Give the records again exactly. Pictures do not belong in the copy.

- Opening Delimiter -

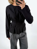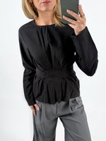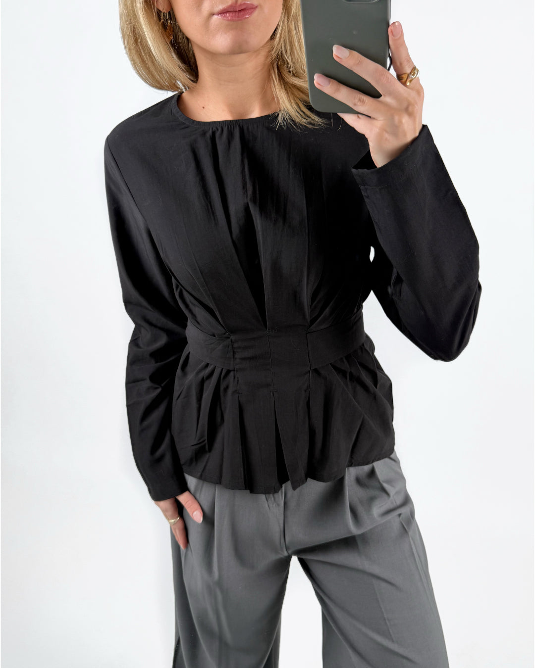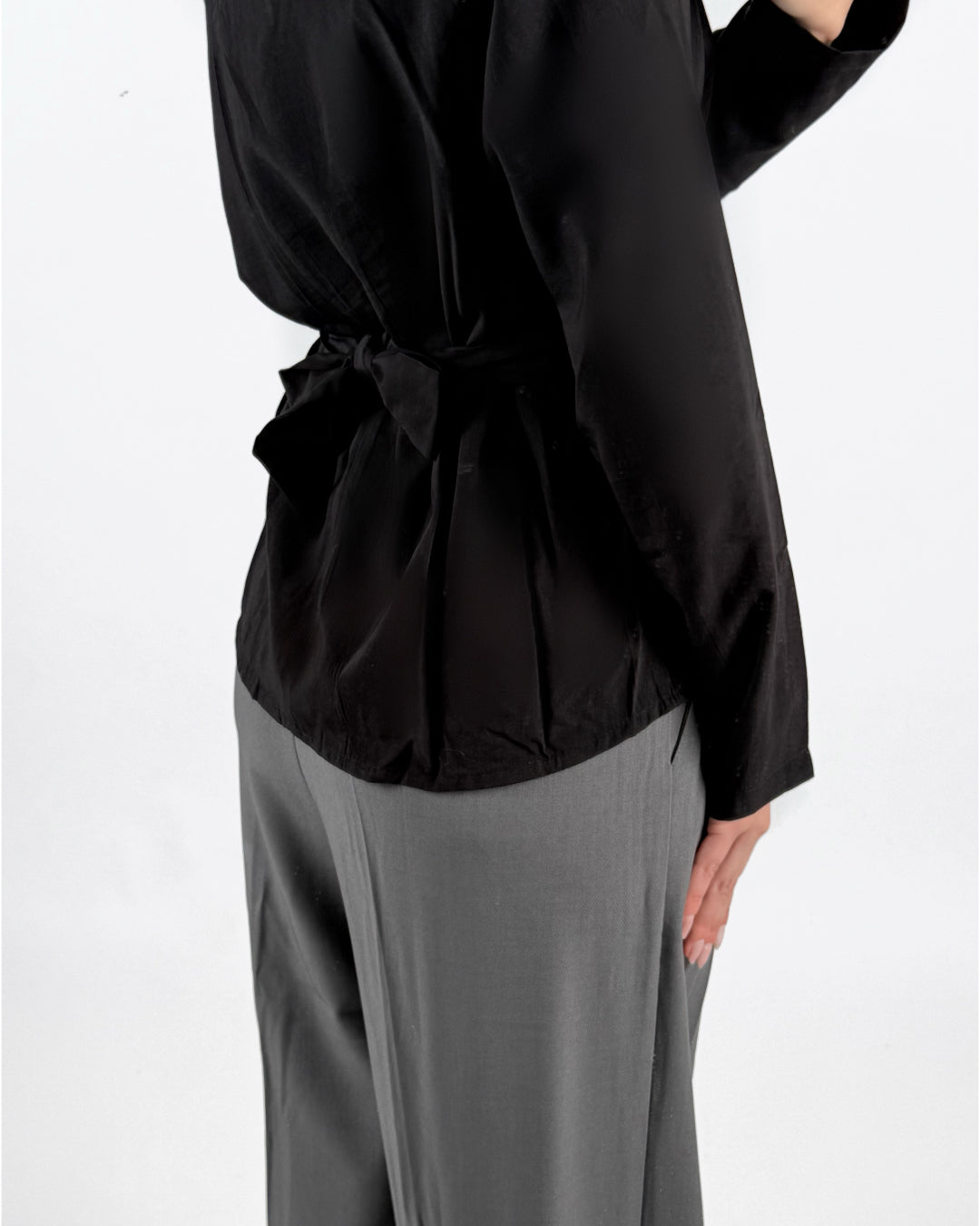 Vores virkelig smukke YUI bluse, sort er så fin og enkelt, dog med en virkelig flot detalje med bindebånd på forsiden. Detaljen giver skjorten figursyet udtryk og viser en fin talje. Skjorten har rund hals og har lukkes med en enkelt lille knap i nakken.
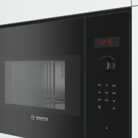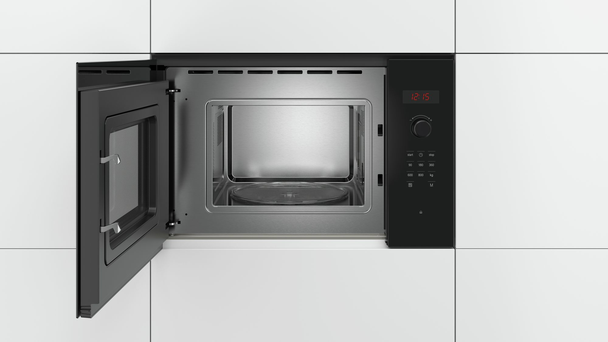 Bosch Serie 4 BFL523MB0B. Apparaatplaatsing: Ingebouwd, Type product: Solo-magnetron, Inhoud (binnenkant): 20 l, Magnetronvermogen: 800 W, Ingebouwd display, Type beeldscherm: LED, Soort bediening: Draaiknop, Touch, Kleur van het product: Zwart
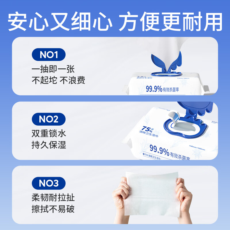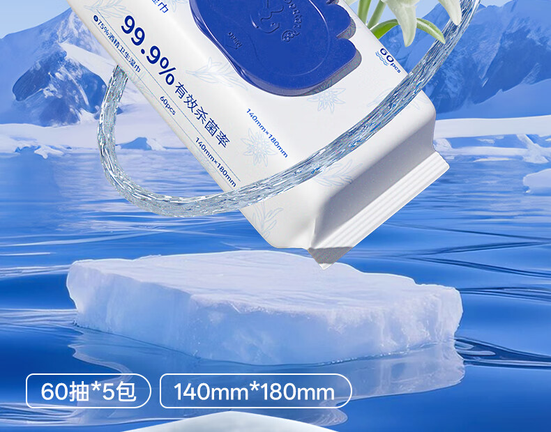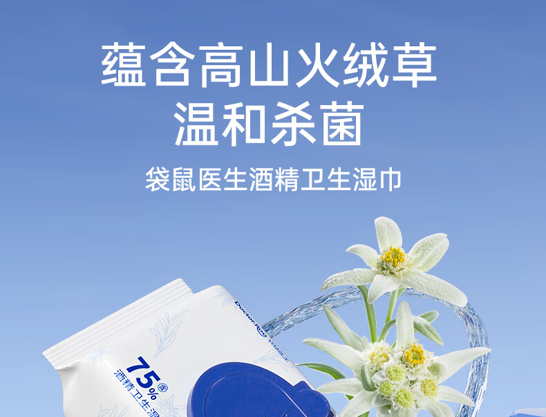 袋鼠医生75%酒精湿巾消毒湿巾60抽*5包杀菌酒精棉片消毒卫生湿纸巾大包
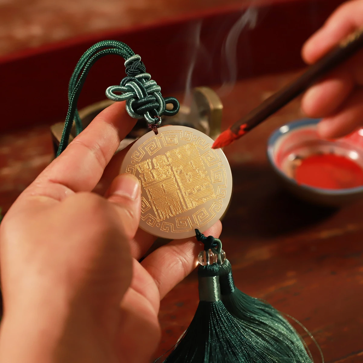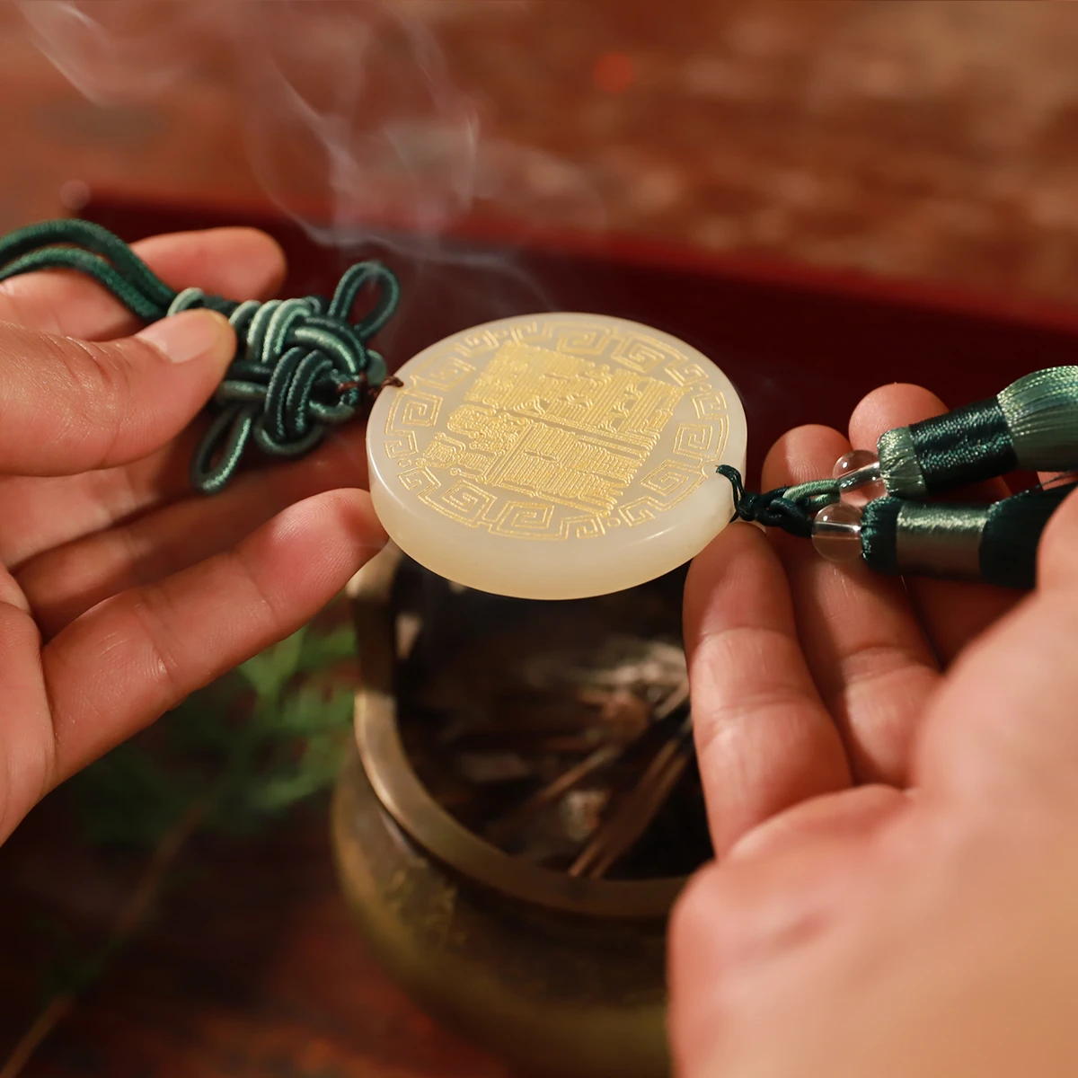 2. This jade transcends ordinary adornments. Whether worn close or hung in central halls, it activates a Three Talents Illumination Field.
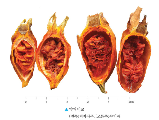 | 이명 | 목단(木丹), 선지(鮮支), 치자(巵子), 소치자(小巵子), 산치자(山梔子), 황치자(黃梔子) |
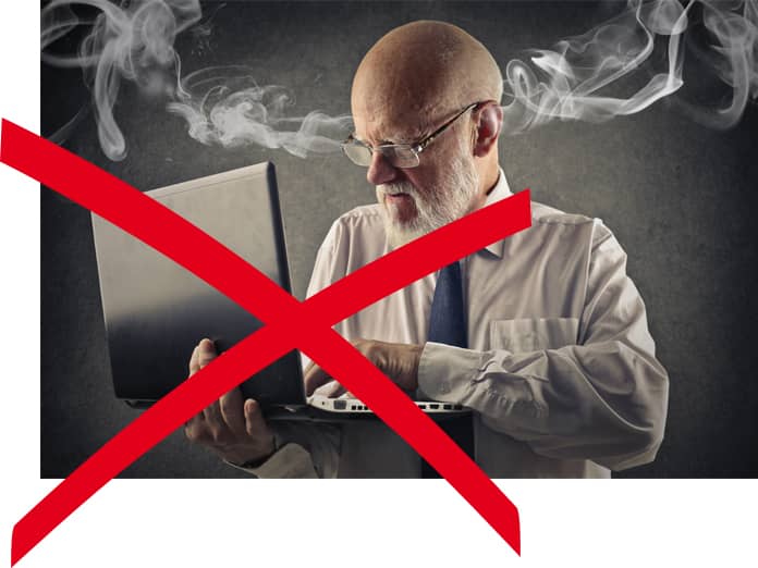 Bildnachweise (von oben nach unten): Senior ärgert sich vor Laptop © olly – AdobeStock ® | Butler © Drobot Dean – AdobeStock ®

- Closing Delimiter -

** SOLUTION TO THIS PROBLEM **
 Vores virkelig smukke YUI bluse, sort er så fin og enkelt, dog med en virkelig flot detalje med bindebånd på forsiden. Detaljen giver skjorten figursyet udtryk og viser en fin talje. Skjorten har rund hals og har lukkes med en enkelt lille knap i nakken.
 Bosch Serie 4 BFL523MB0B. Apparaatplaatsing: Ingebouwd, Type product: Solo-magnetron, Inhoud (binnenkant): 20 l, Magnetronvermogen: 800 W, Ingebouwd display, Type beeldscherm: LED, Soort bediening: Draaiknop, Touch, Kleur van het product: Zwart
 袋鼠医生75%酒精湿巾消毒湿巾60抽*5包杀菌酒精棉片消毒卫生湿纸巾大包
 2. This jade transcends ordinary adornments. Whether worn close or hung in central halls, it activates a Three Talents Illumination Field.
 | 이명 | 목단(木丹), 선지(鮮支), 치자(巵子), 소치자(小巵子), 산치자(山梔子), 황치자(黃梔子) |
 Bildnachweise (von oben nach unten): Senior ärgert sich vor Laptop © olly – AdobeStock ® | Butler © Drobot Dean – AdobeStock ®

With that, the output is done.